Slow, interactive, but it works -- looking for scripts

I've got a lot of videos of my son. When imported from the camera they're AVI files (yes, I know that's just a container, but I don't know enough about video formats to know what the actual encoding is).

The videos are pretty large. I've found a good way to make the files smaller though. Using kino, I import them (I get a larger .dv file). And then convert it to MPEG4 AVI. That works pretty well. Large files (150MB or more) convert (at High Quality, full size, progressive, 2240 kb/s) to about 1/6th the original AVI size. Small files (30MB or so) only convert to half the original size. But that's pretty good, nevertheless. The proximate reason for looking for ways to encode the files to be smaller is because I post some of them to youtube and those original AVI files greater than 100MB get rejected.

Kino has a .FLV converter too. That's interesting. But I don't think I want to keep archives of .FLV files. I'm a bit conservative about file formats and I tend to go with standards (de-factor, or de-jure) when given the choice between file formats which are on different points on the standard-non-standard continuum.

I've looked around for scripts to do this conversion. Haven't looked hard enough though, apparently. I could read the manpages and learn enough about video and audio encodings and transcoding so that I could hack up my own scripts. Too lazy to do that though. I'll wait until something comes along that's better than what I've got.

This is what it feels like to be a mere user :-). Normally I'd just totally geek and learn what I needed to get something working. Taking care of my son, and taking videos, and juggling disk space so that the videos will fit and can be backed up though, that takes all my time :-).

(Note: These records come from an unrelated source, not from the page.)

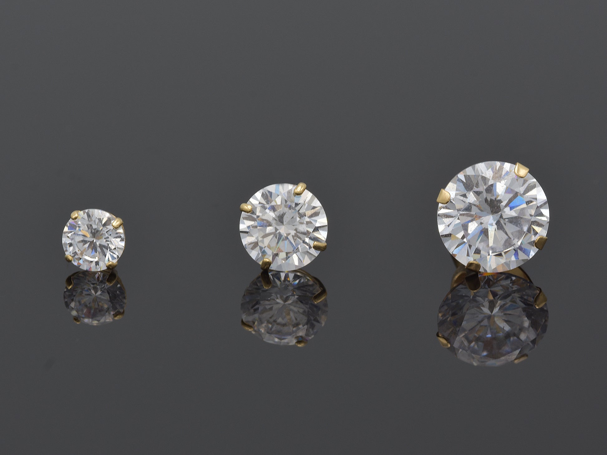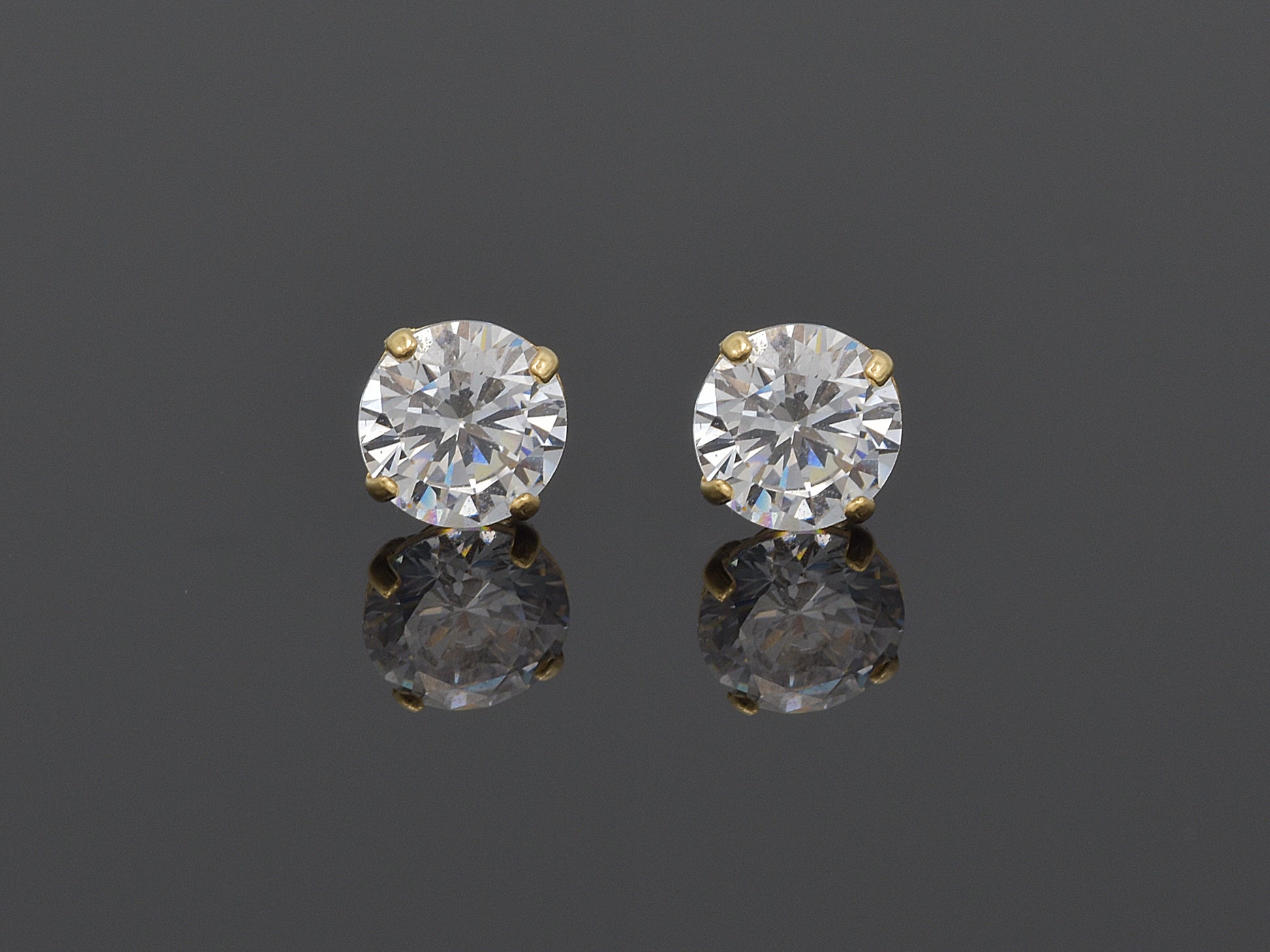 14K solid yellow gold setting with Solitaire cut CZ post stud earring.
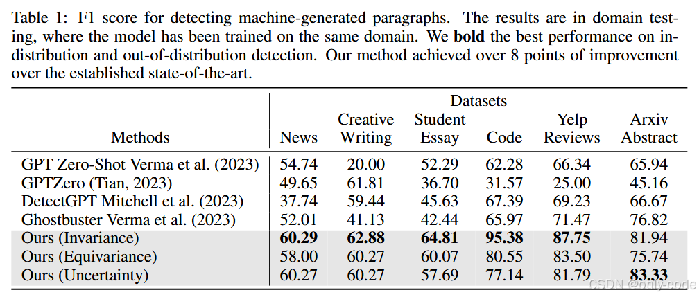 接下来是更苛刻的 out-of-distribution 场景:在一个数据集上训练,在另一个数据集上测试。这里作者主要跟 Ghostbuster 对比:
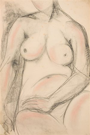 Lot 275 Riccardo Licata, Senza titolo, 1950 circa Tecnica mista su carta intavolata, cm. 74x50 Firma in basso al centro. Autentica dell'artista su foto.

I've looked (via ps auxw) at the command line commands that kino spews to do the conversion. I may test some of that out. I don't know if everything I need is in there though. If it is, and a test works tomorrow, I'll hack something up and possibly post it here. But possibly not, too. Nonworking holiday tomorrow, I'll be playing with my son :-).

Sunday, October 21, 2007

Gmail Advanced

I just went and installed Better Gmail and Gmail Manager on my laptop, both firefox add-ons. I'm going to have to install both of those everywhere.

The Mail.app mac-like skin from Better Gmail looks great. I first tried Super Clean but abandoned it quickly since I found it unusable.

GMail manager lets me have two or more tabs to gmail, each tab being a different account. That's very useful and I may finally switch over to using web based gmail for my gmail accounts because of that (I'll still have to keep evolution for backup and for access to my IMAP email at work. But finally GMail is much more usable when I can have multiple tabs, one for each account.

I've also finally found a convenient way to download my spam (which I use to train a bogofilter adaptive filter, just for fun). I think Gmail must have fixed their POP3 support somehow. Previously, this technique didn't work but now it does. The solution is to:
A. go to the Spam folder
B. select all messages on the current page
C. add those messages to a label (e.g., ZSpamX)
D. mark the email not spam.
E. wait until they're downloaded by my fetchmail process running elsewhere.
F. once everything is downloaded, go into the label, select everything and mark them all Spam.
G. Go into Spam folder and delete all Spam.

Unfortunately, D doesn't work with the gmail "select everything" link that pops up as an option when we've pressed the (Select) All link. So if I've got several pages of spam, I need to do A-D for each page. That's not bad though since I've got gmail setup to show 100 emails at a time.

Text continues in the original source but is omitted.